The amounts of gaseous hydrocarbons (including methane, ethane, propane, butane, and pentane) showed a variation of three stages (Figure 5). In the thermal simulations with a heating rate of 20 °C/h, the amounts first increased from 38.82 mL/g TOC to 407.13 mL/g TOC when the EqVRo values were between 1.3% and 3.07% (Figure 5 and Table 4), and then they started to decrease. At a heating rate of 2 °C/h, the generated hydrocarbons first increased from 40.5 mL/g TOC to 351.11 mL/g TOC in the EqVRo range of 1.47–3%, and then they remained stable in the EqVRo range of 3–3.25% (Figure 5) and finally decreased when the EqVRo exceeded 3.25% (Figure 5). The difference between the two heating rates in terms of the variations in the generated hydrocarbons may be attributed to the fact that the gaseous products had a longer time to achieve balance in the experiments with a slower heating rate.

3.3. Gas Compositions

The variation in the generated methane content is similar to that in the gaseous hydrocarbons, and it can also be divided into three stages (Figure 6a, Table 4).

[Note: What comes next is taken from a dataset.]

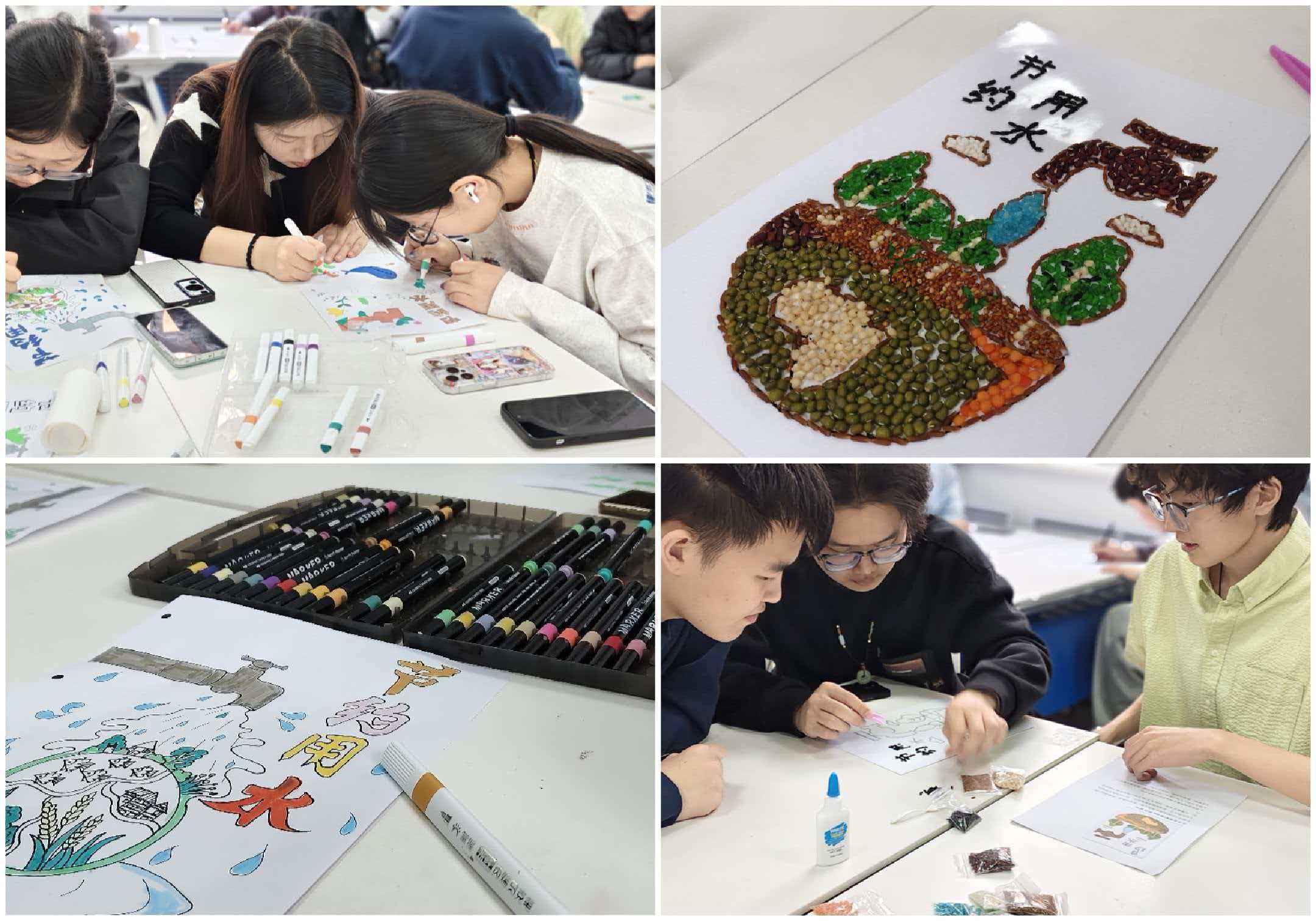 系列活动二:“妙手生花·绿意承医”文创制作活动 3月21日下午2点,志愿者们在教学楼103教室开展节水主题文创制作活动。志愿者们合理分工、协同创作,通过绘制创意节水宣传标语、拼贴节水主题五谷画、制作简易节水模型等多种形式,将抽象的节水知识与生动的艺术创作相结合,用丰富的形式和精巧的手艺,打造出一批兼具科普性与观赏性的节水文创作品,让节水护水的理念以更鲜活、更直观的形式呈现。

The heavier gaseous hydrocarbons (ethane (C2), propane (C3), butane (C4), and pentane (C5)) have three stages of change (Figure 6b and Table 3), including a quick increase (EqVRo 1.5–2.0%), a rapid decrease (EqVRo 2.0–2.6%), and a slow decrease (EqVRo > 2.6%). The line of the heating rate of 2 °C/h is a little lower than that of 20 °C/h, which may be related to the reason given above.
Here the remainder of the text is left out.